The new stone age or the neolithic

 

The new stone age (neolithic) goes for approximately three millenium (aprox. 5000 - 2000 BCE).

 

As a consequence of the development of the production forces in the economy and in the material culture of the neolithic period, several changes tood place, the human communities evolving gradually from the phase of food-seekers to the one of food producers.

 

The basic occupation of human beings during this period was the primitive cultivation of plants breeding, breeding animals, potery and different house trades (spinning, weaving) which are added to thier old occupations in the paleolithic: fishing, hunting / harvest, but these have a secondary importance.

 

Next to some silex tools of small and medium dimesions, which continue the forms and techniques specific to the paleolithic era, are used now and other more more new tools from stone, improved and much more effective, used in order to polish and perforate, basically generalised during this period.

 

A main characteristic of economical activity during the neolithic period would be a large spreading of ceramics, considering the specific features like technque, shape or set involving ceramics, a new culture could have been distinguished, the neolithic culture.

 

The human communities divided into races and tribes, covered surfaces concentrated onthe valley of the rivers, where they were offered much more favourable living conditions.

 

In the second room, reserved for the neolithic period, a general text presents the main features of this period and all the towns from Hunedoara with their most important discoveries.

 

In the first glass displace case are exposed nucleouses of silex and obsidian, which were the basic raw material used int eh creation of lithical tools (blades with and without retouch, GRATOARE, perforated tools, etc.) and different types of polished, non-perforated axes, in chronoligical order; axes in the shape of last [calapod = last; shoe tree; (fig) pattern], trapezoidal axes and flat axes. In the second glass display case are a series of individual or fragmented axes disposed with a hole/opening for the {glovening - INMANUSARE}, in different stages of their production process, axes which were specific for the middle and late neolithic and which were discovered at Turdas, Mintia, Baiesti, Batrina etc.

 

The next four glass display cases (if you go from left to the right) are used to present the next materials belonging to the Turdas culture, the most important neolithic culture in Hunedoara county, and even in Transilvania, discovered through systematic searches at the eponimic settlement in the valley of the river Mures, at Deva and Mintia.
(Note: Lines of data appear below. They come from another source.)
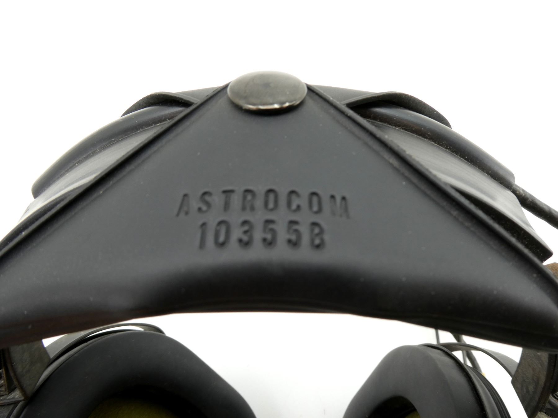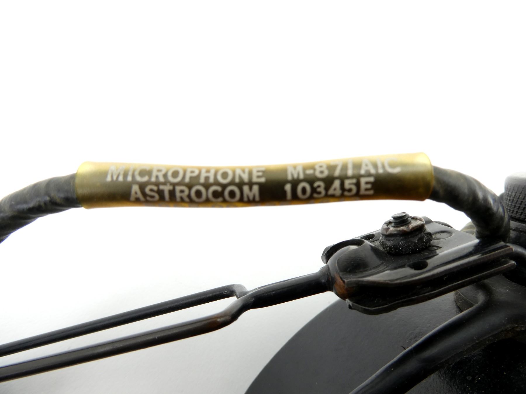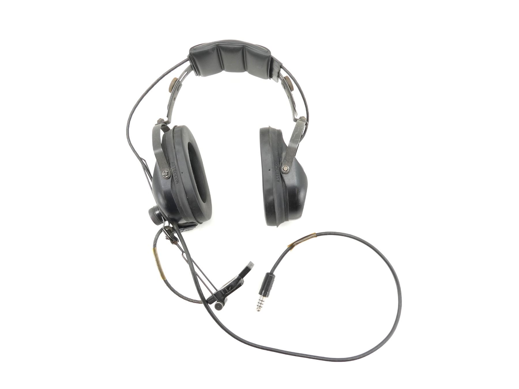 (1) HEADSET MARKED: "ASTROCOM", "10391B", "MICROPHONE M-87/AIC, ASTROCOM, 10345E, 5965-00-755-4643", WITH CONNECTOR CABLE, UN-TESTED, SHOWS AGE / WEAR. SEE PHOTOS.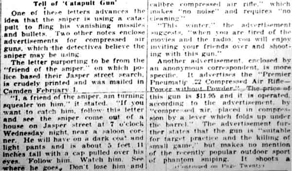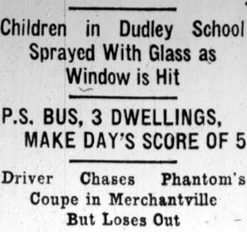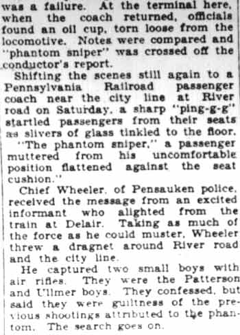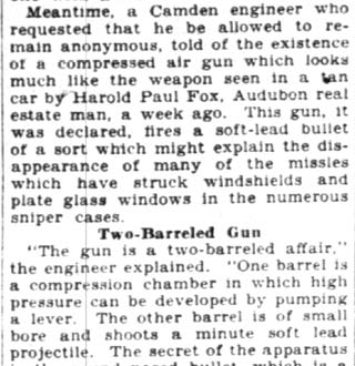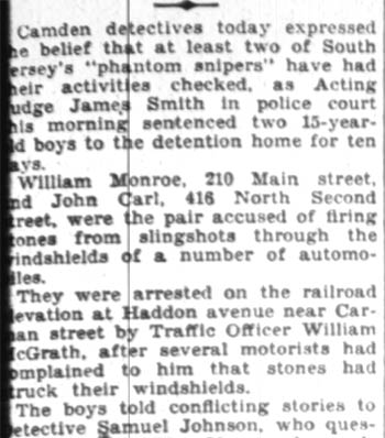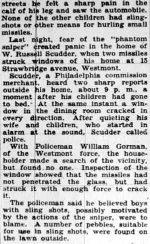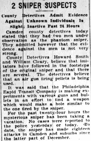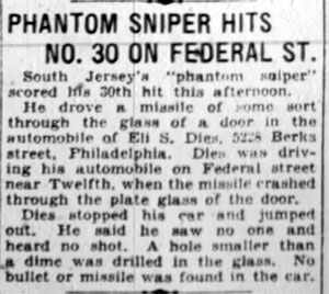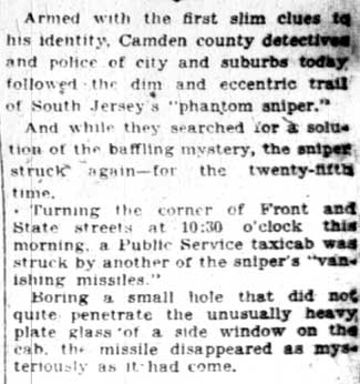 Camden’s “phantom sniper” has made his appearance in Cramer Hill. Using the same mysterious method as that employed by the unknown gunner who has shot holes in the windshields of five automobiles and a motorbus in the last few weeks, someone yesterday fired a missile through the plate glass door at a store conducted by Gottlob Mayer, 868 North North Twenty-seventh Street . It was the eighth time since early December that an incident of the same sport had become known and came close on the heels of a baffled investigation by Camden bridge police, one of whom was struck and knocked down by a blue marble apparently fired from a powerful compressed air gun. Shooting the hole through Mayer’s door also closely followed in time and circumstances, the penetration of the windshield of a Philadelphia-Pennsauken bus by a bullet or other missile. Although Bridge Policeman John J. Rogers found the blue marble which struck him early yesterday morning, investigators declare that the missile which bore a clean round hole through the heavy glass of the bus and store window must have been a bullet. The possibility that the compressed air gun which is believed to have been used in firing the marble at Rogers, might have been used to fire a steel ball bearing at the bus was one theory advanced yesterday. If this were the case, it was agreed by investigators, the air gun must be one more powerful than any known to police. No Bullet Found In Store Mystery in the latest incident that hit Mayer’s store is heightened by the fact that no bullet or other missil e was found inside the store, although it was apparent that the shot or whatever it was entered from the outside. Similarly, an inspection of the motorbus which was fired upon on the Camden Bridge Tuesday disclosed no missile. In these two cases at least, authorities investigating the incidents have been faced with the additional problem of attempting to discover the nature of a missile which to all intents and purposes, disappears as though into thin air after striking. In none of the cases has any report as of a gun been heard. Mayer did not report the incident to police and, although it occurred at 10 o’clock yesterday morning, it did not become known until today. Mayer explained that he had insurance on his plate glass, that he had no enemies and thus did not believe he was the intended target of the mysterious marksman, and that he had thought little of the incident until he read of the activities of the “phantom sniper” on the Camden Bridge. The Mayer store is at the corner of Hayes Avenue and North Twenty-seventh Street, directly across from a Camden Fire Department station. Candy, newspapers, magazines and tobacco are dispensed at the shop, which also contains an ice cream parlor. Heard Crash In Store “I had been out in the store, waiting on six or seven children”, Mayer said today. “It wasn’t two minutes after the children left that this shot was fired. If it had come two minutes before it would have hit one of them because they were standing right near the door. “When the shot- or whatever it was- was fired I was in the kitchen. I heard a crash and came out into the store. Nobody was in sight. I looked at the windows and then I found the little hole, like a bullet hole, through the glass of the door.” The firemen at the firehouse across the street had seen or heard nothing. Neither had several persons who were passing and others in buildings nearby. A search of the interior of the store followed. Every inch of wall and floor space was gone over but there was no sign of a bullet or any other missile. Bridge police, still investigating the activities of the sniper on the span, had no results of their inquiry to make public today. They admitted that more than 24 spent in investigation had brought them no nearer to a solution of the weird mystery than when they began.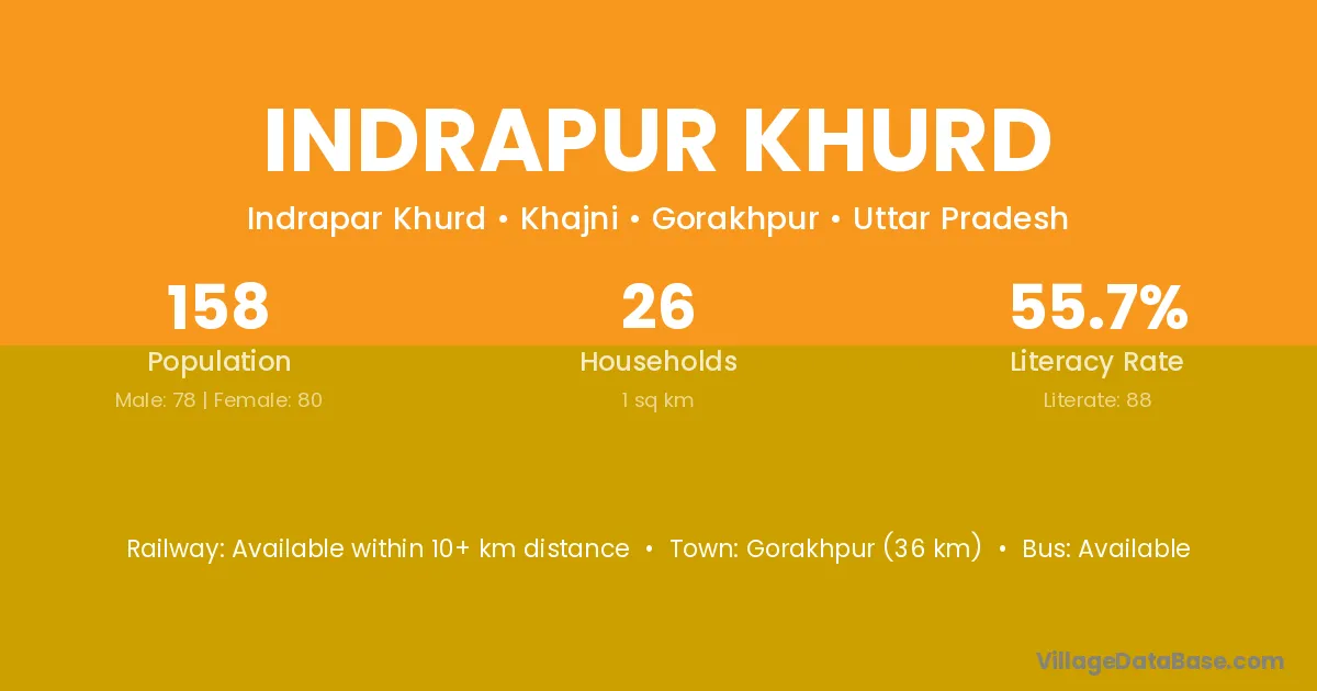 Indrapur Khurd village has a total population of 158 people, of which 78 are males and 80 are females.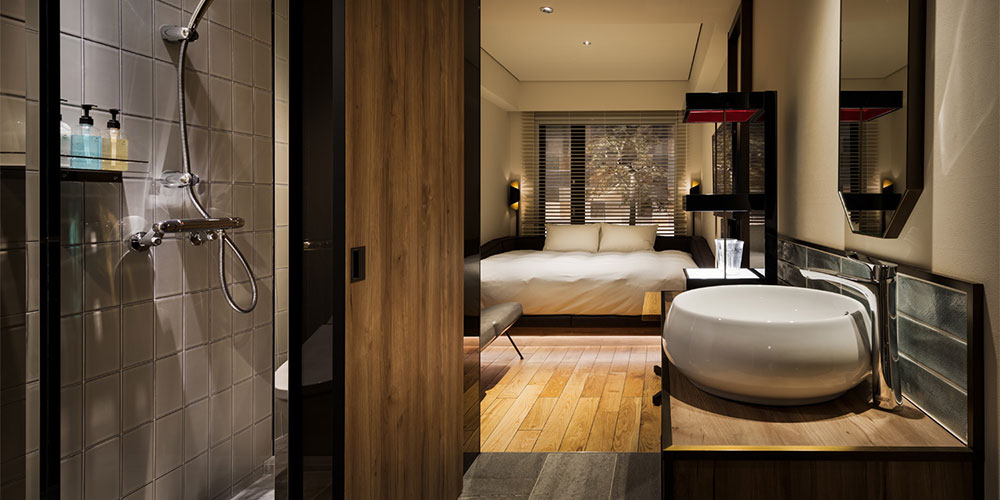 另外,地下的房間配有格子花紋的瓷磚牆壁和植物被燈光照亮的寬敞的院內庭園,在日式情調中發揮地下的優點的安靜的房間裡能舒適地放松。

Here are exposed some specific vases for this culture: an elecant cup from fine, palished ceramics, dishes bowls, pans etc., from which some were decorated with bands filled with incisions and spots.

 

The practice of primitive agriculture by those who belonged to Turdas culture is confirmed by the existance of hand-grinders, stone squashers for seeds (which were discovered at Turdas and Mintia) and of hoes made of antlers. Are also presented silex and obsidian knives and rasors , perforated axes, vase polishers, adobe with [urme de birne si nuiele], weights for the loom and for the fishing net, [fusaiole] etc.

 

Along with the agriculture and the animal breeding is also spread the cult of fecundity and fertility, both represented in the museum by some feminine statuets (idols) from burnt clay and by statuets representing animals (discovered at Turdas and Mintia) and which are characterised by a refined plasticity.

 

In another display case are presented some painted ceramic pieces belonging to the Petresti culture, discovered at Deva. Characteristic for this culture (which has a small area of spreading in the centre of Transilvania and especially in the valley of the river Mures and of its main tributaries) is the ceramics made of rafined paste, which have painted over on orange-reddish layer, geometrical motifs: lines, meandres, black coloured spirals etc.

 

The Tisa II Culture is documented in the Hunedoara territory through the material discovered at Deva.  The vestiges proceeded from this settlement are of a great variety: ceramics (vases, dishes, bowles or small dimension cups decorated with circular incisions, hashed [HASURATE] or criss-crossed bands), silex, non-perforated axes and bone sqashers. The existance of silex rasors with fine retouching and with easily polished, and then used as components for sicles, next to numerous weed tools from antlers of a great typological variety, proves that the economy in the Tisa II culture was mostly based on ariculture.

 

At the beginning of the second millenium BCE (2000-1800) in the lives of the neolithic tribes who lived in Transilvania and in other regions in the country, many socio-economical and cultural changes take place.

 

This transition period from the neolithical period to the bronze period is characterised on one side by the multiplication of human settlements and onthe other side, by the larger number of tools, the ones of copper being very important. The apreciative quantities of domestic animals' bones, found at every settlement prove the importance that the breeding of aninals had in the lives of the communities during that period of transition.